«  sans Frontières » est une chronique de Pierre Guelff.

 Une fois n’est pas coutume, une grande lectrice de romans nous fait part de ses impressions concernant un livre. À savoir, « Coupures » de François Rachline (Albin Michel).

« Après un premier tiers de roman assez descriptif quant aux personnages et à l’, le lecteur apprend qu’Else, une bourgeoise de la fin du XIXe siècle qui possède beaucoup de talents artistiques, est promise à une belle carrière en tant que chanteuse.

Lors d’un déplacement en Allemagne, elle achète des friandises chez un apprenti confiseur, Wilhelm, qui tombe follement amoureux d’elle au premier regard.
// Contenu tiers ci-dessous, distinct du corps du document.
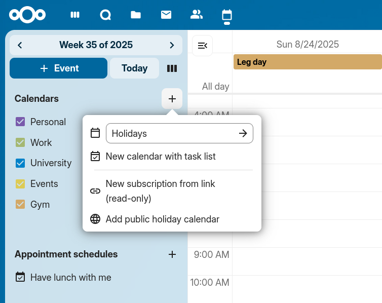 The Nextcloud Calendar app works similar to other calendar applications you can sync your Nextcloud calendars and events with.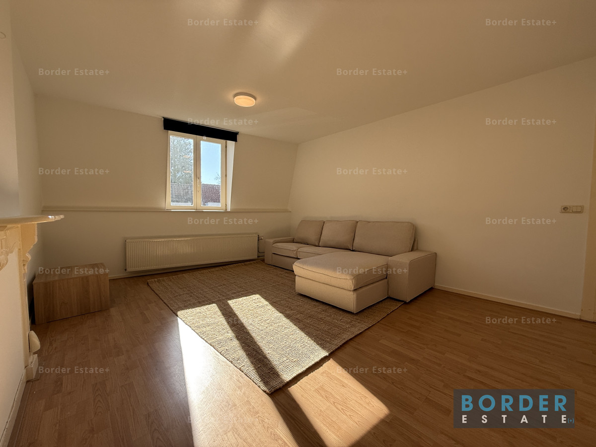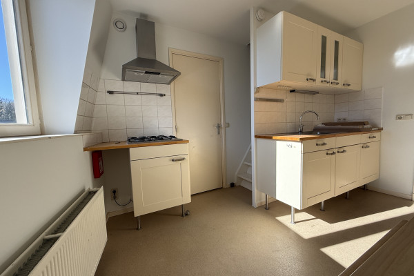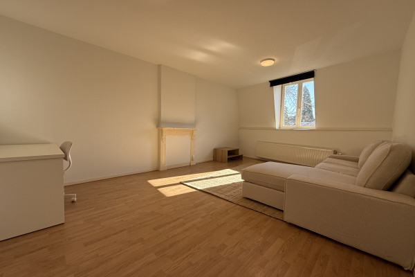 De woonkamer is heerlijk licht dankzij de grote raampartijen en de warme houten vloer geeft de ruimte direct een fijne uitstraling. De comfortabele hoekbank en het rustige interieur zorgen voor een plek waar je echt kunt ontspannen, terwijl er ook een praktische werkplek is ingericht voor wie regelmatig thuiswerkt. De keuken is netjes en compleet, met voldoende kastruimte en een gezellige plek om te eten bij het raam. Ook hier valt het daglicht mooi naar binnen.

Le roman est littéralement lancé !

Hélas, Else souffre de démence précoce et est internée, mais l’artisan la retrouve. Le confiseur a compris qu’Else, qui ne lui est pas destinée vu la différence de classes sociales, est une sorte de génie, alors que pour l’entourage de la jeune femme et ses soignants, elle n’est qu’une folle précoce.

Wilhelm se fait engager dans le milieu psychiatrique pour que le talent d’Else soit reconnu, même et surtout après sa mort.

Et, pourquoi le titre « Coupures » à ce roman peu ordinaire ? Parce qu’elle dessinait de grands billets de banques.

Plus tard, ses réalisations influenceront de grands peintres, dont Picasso, et, bien entendu, certains psychiatres.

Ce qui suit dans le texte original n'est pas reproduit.